Frequently Asked Questions

Common clinical questions about SYNDROS vs ACEPHEN, answered by our medical review team.

1. What is the main difference between SYNDROS and ACEPHEN?

SYNDROS is a Cannabinoid that works by Dronabinol is a cannabinoid receptor type 1 (CB1) agonist, activating CB1 receptors in the central nervous system to inhibit emetic signals and stimulate appetite. It also has partial agonist activity at cannabinoid receptor type 2 (CB2).. ACEPHEN is a Non-Opioid Analgesic that works by ACEPHEN (acetaminophen) is a para-aminophenol derivative with analgesic and antipyretic activity. Its mechanism involves inhibition of cyclooxygenase (COX) enzymes in the central nervous system, particularly COX-2, reducing prostaglandin synthesis. It has weak peripheral COX inhibition and minimal anti-inflammatory effect.. They differ in pharmacokinetic profiles, FDA-approved indications, and side effect profiles.

2. Which is stronger: SYNDROS or ACEPHEN?

Potency comparisons between SYNDROS and ACEPHEN depend on the specific clinical indication. These are agents from distinct pharmacological classes and are not directly interchangeable by dose. A physician or clinical pharmacist should guide any therapeutic switching decisions.

3. What is the standard dosing for SYNDROS vs ACEPHEN?

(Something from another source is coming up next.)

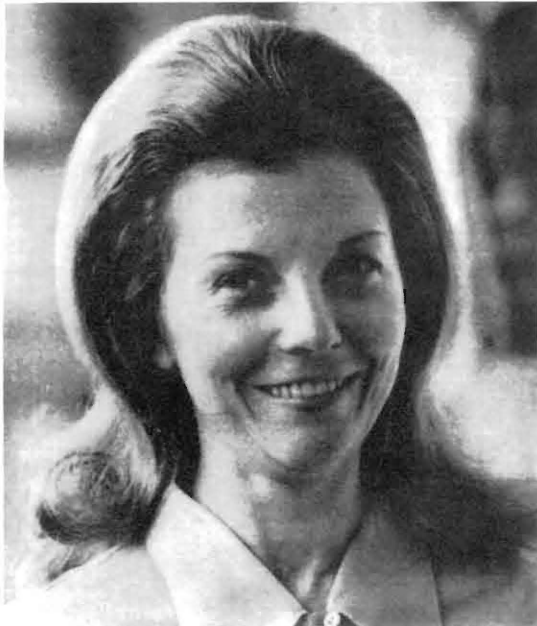
Vice President Isabel Martínez de Perón

22. Perón's precarious health focuses attention on the succession problem. He has a history of recent heart attacks, coronary insufficiency, an apparently low-grade malignancy of the prostate, and other medical disorders. The following paragraphs outline three broad courses of development in the event of his death or incapacitation: a by-the-book succession of the vice president; a non-constitutional transfer of power to an interim govern-

The standard adult dose of SYNDROS is: 5 mg/m² orally 1-3 hours before chemotherapy, initially; may increase by 2.5 mg/m² increments as tolerated, maximum 15 mg/m² per dose.. The standard adult dose of ACEPHEN is: 325-650 mg orally every 4-6 hours as needed; maximum 4 g/day.. Dosing should always be individualized based on indication, renal and hepatic function, age, and other patient factors.

4. Can you take SYNDROS and ACEPHEN together?

No direct drug-drug interaction has been formally documented between SYNDROS and ACEPHEN in current clinical databases. However, individual patient risk factors including other medications, organ function, and comorbidities should always be evaluated by a qualified healthcare provider.

5. Are SYNDROS and ACEPHEN safe during pregnancy?

The maternal-fetal safety profiles differ. SYNDROS is classified as Category C. Dronabinol (SYNDROS) is classified as FDA Pregnancy Category C. Animal studies have shown embryotoxicity and fetotoxicity at doses similar to human therapeutic doses. There are no . ACEPHEN is classified as Category C. Pregnancy Category C. First trimester: potential risk of neural tube defects and orofacial clefts (limited human data, animal studies show embryotoxicity). Second and third trimest. Always consult a maternal-fetal medicine specialist before taking either drug during pregnancy or lactation.